In life; conflict is inevitable. Everyone deals with at least 4 conflicts daily. No man or woman is an island; we are all part of a group either professionally, socially or home with family. The ability to resolve conflicts amicably in our teams will determine how effective we in achieving goals, being satisfied with life, becoming successful or accomplished.

Conflict can be defined as a struggle or contest between people with opposing needs, ideas, beliefs, values, or goals, when the concerns of groups appear to be incompatible. Sources of conflict include interpersonal conflict, competition for resources and inherent diversity of people such as culture, race, gender, attitude, goals, attitudes, profession or organization. Unresolved conflicts result in wars on a large scale and in divorces on a personal level.

However conflict is good for us because it challenges our relationship and allows us to grow. These are issues that punctuate a long term relationship that if worked through can result in a stronger bond; and is a process that allows diversity to stimulate growth & improve relationships.

People respond to conflict by FIGHT or FLIGHT. We want to "get away from the conflict" or we are ready to "take on anyone who comes our way." The Thomas-Kilmann Conflict Mode Instrument (TKI) is a widely used test that describes 5 conflict styles based on 2 dimensions: 1) Assertiveness- Satisfy SELF & 2) Cooperativeness Satisfy OTHERS. The 5 styles are competing, accommodating, avoiding, collaborating, and compromising.

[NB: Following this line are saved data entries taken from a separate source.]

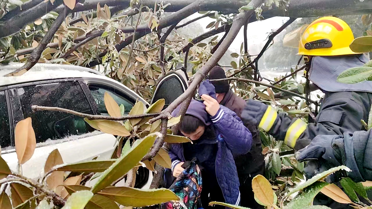 到达现场后,消防救援人员发现一辆白色轿车被倾倒的大树枝困住,由于是一夜的冻雨和积雪压断的,树枝分散,并直接压倒在树上,车被断枝包裹,车顶被压变形,车上2名人员被困,由于当时事出突然,驾驶人紧急制动,造成车上乘坐人员身体轻微撞击。消防救援人员侦查现场情况后,迅速让驾驶人和乘坐人位置上的车门是否能打开,经过尝试,发现副驾驶位车门能正常打开,随后,消防救援人员将2名被困人员救出,并护送他们到安全位置。救出被困人员后,消防救援人员随即将压断的树枝进行清理,清理过程中,消防救援人员利用抢险救援器材,对被积雪压倒的树木、树枝进行快速切除清理,对断木造成的大面积堵塞道路,消防救援人员利用机动链锯,手提肩扛,以最快的速度打通通行道路,有效的解除了安全隐患。
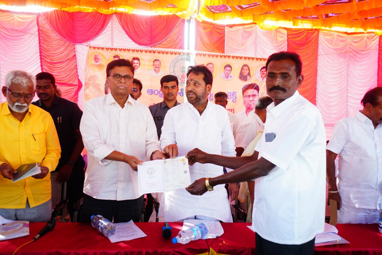 నేటి సాక్షి తిరుపతి *పలమనేరు*భూ భద్రత కల్పించడం కోసమే రాజ ముద్రతో కూడిన పట్టాదారు పొస్ పుస్తకాలను లబ్ది దారులకు కూటమి ప్రభుత్వం పంపిణీకి చేస్తోందనీ..,ఇది ముఖ్యమంత్రి చంద్రబాబు నాయుడు చిత్తశుద్ధికి నిదర్శనం అని చిత్తూరు పార్లమెంటు సభ్యులు దగ్గుమళ్ళ ప్రసాదరావు, పలమనేరు ఎమ్మెల్యే అమర్నాథ్ రెడ్డి కొనియాడారు. పారదర్శకతతో కూడిన పట్టాదారు పొస్ పుస్తకాలను అందించడం పై అధికారులు దృష్టి సారించి, భూ యజమానులకు ఎటువంటి ఎటువంటి సమస్యకు తావులేకుండా చూడాలని వారు సూచించారు. లబ్దిదారులకు సర్వహక్కులు కల్పిస్తూ.., గత వైకాపా ప్రభుత్వం హయాంలో పట్టాదారు పొస్ పుస్తకాల పై ఉన్న మాజీ సిఎం జగన్మోహన్ రెడ్డి ఫోటోను తీసి వేయించి, మంచి పని చేసిందన్నారు. అంతేకాకుండా భూమి పై ప్రజలకు సర్వహక్కులను కల్పిస్తూ పట్టాదారు పుస్తకాలకు రూపకల్పన చేయడం అభినందించదగ్గ విషయమన్నారు.పలమనేరు నియోజకవర్గం, పెద్దపంజాణి మండలం, పెద్దవెలగటూరులో నిర్వహించిన రాజముద్రతతో కూడిన పట్టాదారు పాసుపుస్తకాల పంపిణీ కార్యక్రమానికి చిత్తూరు పార్లమెంటు సభ్యులు దగ్గుమళ్ళ ప్రసాదరావు, పలమనేరు ఎమ్మెల్యే అమర్నాథ్ రెడ్డి ముఖ్య అతిథులుగా హాజరై, లబ్ధిదారులకు రాజ్యముద్రతో కూడిన పట్టాదారు పుస్తకాలను పంపిణీ చేశారు.ఈ సందర్భంగా చిత్తూరు ఎంపీ దగ్గుమళ్ళ ప్రసాదరావు, పలమనేరు ఎమ్మెల్యే అమర్నాథ్ రెడ్డి మాట్లాడుతూ.. 2024 సార్వత్రిక ఎన్నికల్లో కూటమి ప్రభుత్వం ఇచ్చిన హామీ మేరకు ఉన్నత ఆశయంతో రూపకల్పన చేసిన పట్టాదారు పాస్ పుస్తకాలను లబ్ధిదారులకు పంపిణీ చేయడం జరిగిందన్నారు.గత వైకాపా ప్రభుత్వ హయాంలో అప్పటి ముఖ్యమంత్రి జగన్మోహన్ రెడ్డి ప్రజల ఆస్తులకు సంబంధించిన పట్టాదారు పాస పుస్తకాల పై తన ఫోటో ముద్రించుకొని భూములను కాజేయాలని చూశారని, అయితే ప్రజలు జగన్మోహన్ రెడ్డికి గట్టి గుణపాఠం చెప్పి, కూటమి ప్రభుత్వానికి పట్టం కట్టారని గుర్తు చేశారు. ఈ నేపథ్యంలో ప్రజలకు ఇచ్చిన హామీ మేరకు భూ భద్రత కల్పిస్తూ రాజముద్రతో కూడిన పట్టాదారు పాసుపుస్తకాలను లబ్ధిదారులకు కూటమి ప్రభుత్వం అందిస్తుందన్నారు.పట్టాదారు పాస్ పుస్తకాలలో ఏదైనా సమస్య ఉన్నా, ఈ సబ్బులు ఆ సమస్యకు పరిష్కారం మార్గాన్ని కూడా చూపే దిశగా అధికారులు పనిచేస్తున్నారని తెలిపారు.మరి ముఖ్యంగా అధికారులు పట్టాదారు పాస్ పుస్తకాలలో తప్పులకు అవకాశం లేకుండా పారదర్శకతతో కూడిన పట్టాదారు పొస్ పుస్తకాలను సిద్ధం చేసి లబ్ధిదారులకు అందించాలని ఎంపీ, ఎమ్మెల్యేలు ఆదేశించారు. ఈ విషయంలో అధికారులు అలసత్వం వహిస్తే..ప్రభుత్వానికి అపఖ్యాతి వచ్చే ప్రమాదం ఉందని, ఈ విషయాన్ని అధికారులు గుర్తుతెరిగి తమ కర్తవ్యాన్ని చిత్తశుద్ధితో నిర్వర్తించాలని త
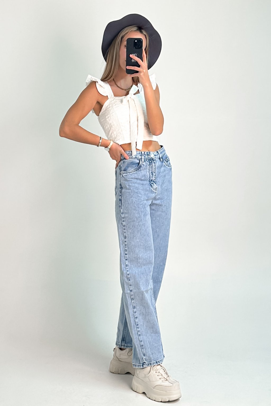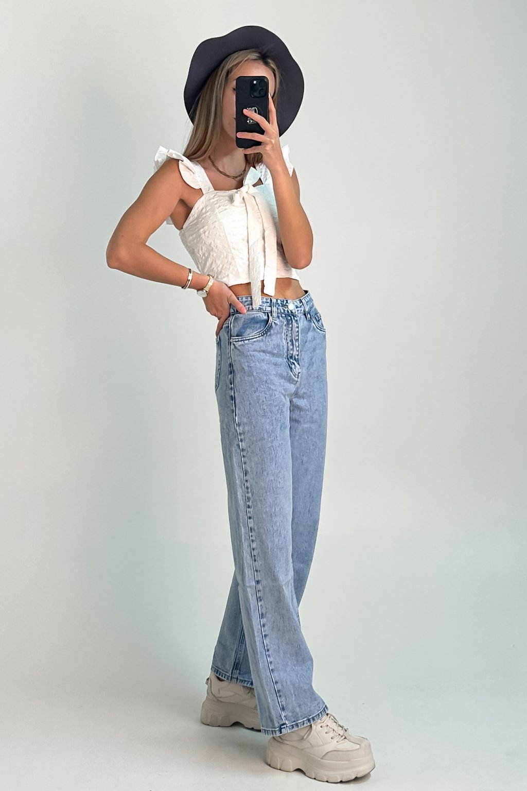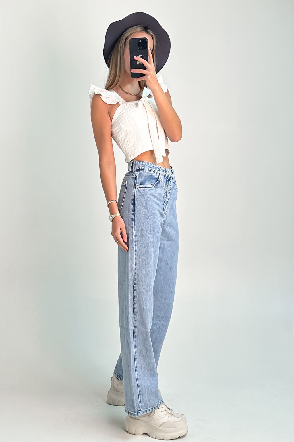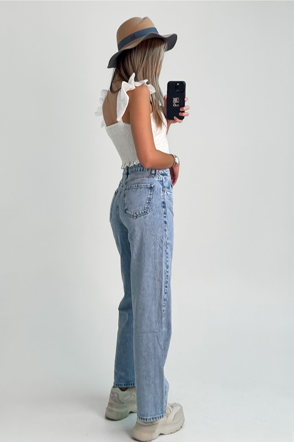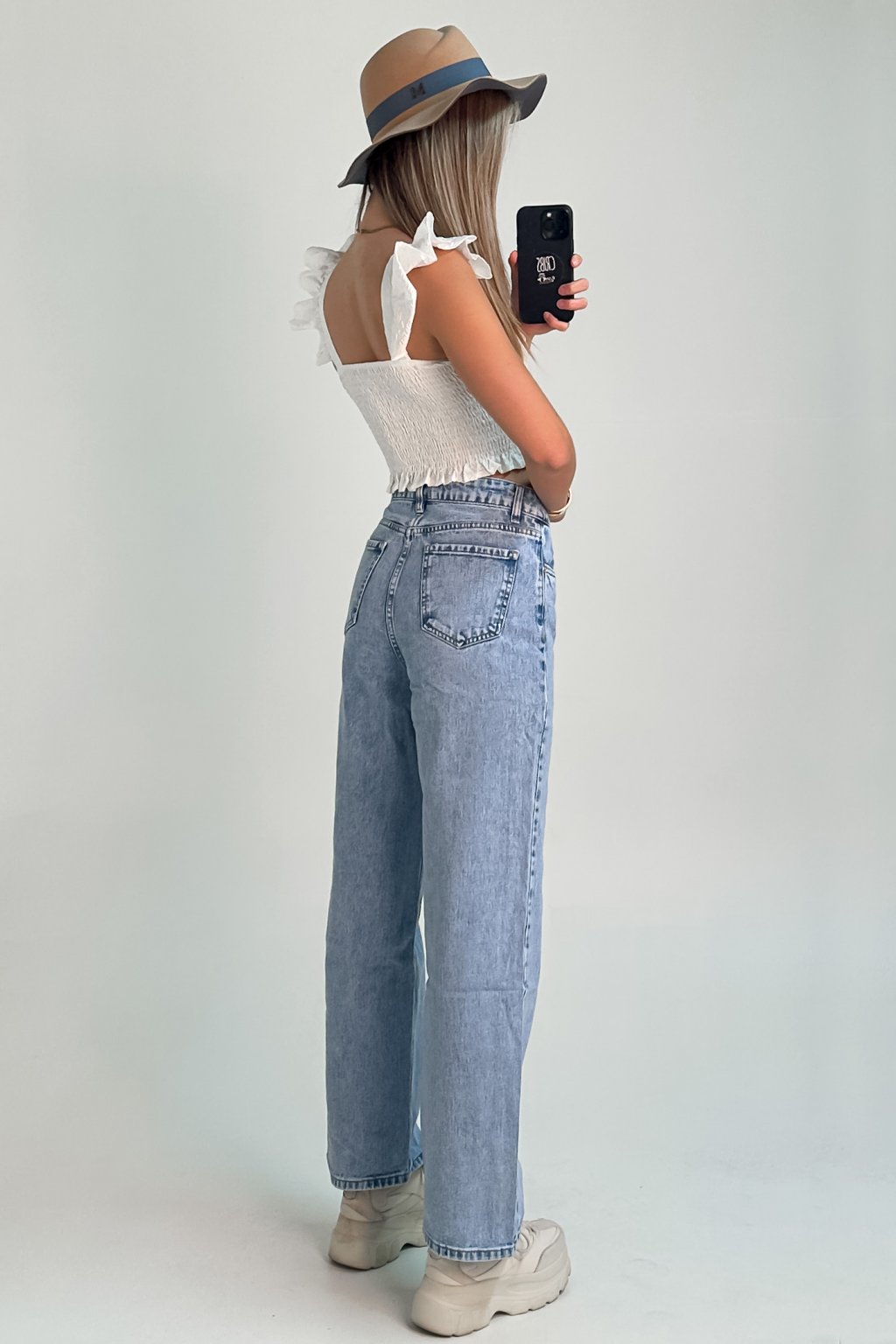 Trendy pohodlné rifle v rovnom strihu s vysokým pásom v svetlej džínsovine.

For example, competing is used when you have authority over others, if quick or unpopular decisions are required; it involves debating or arguing and standing your ground. Compromising is best if opponents of equal power must negotiate, make concessions or share to achieve common goals. Collaborating, takes significant time and energy, is beneficial for important issues or relationships such as a marriage. Accommodation yields, obeys and is selfless by satisfying others, keeping the peace or being a "saint". Avoidance withdraws and sidesteps issues; is useful in reducing tension, when you have no power, or others can resolve the conflict more effectively.

We are capable of utilizing all five styles; however everyone has one or two primary or "preferred" styles. Self awareness requires that we recognize our primary conflict style as well as the style of those we engage in conflict. Effective self & relationship management requires that we choose the most appropriate conflict style given the situation.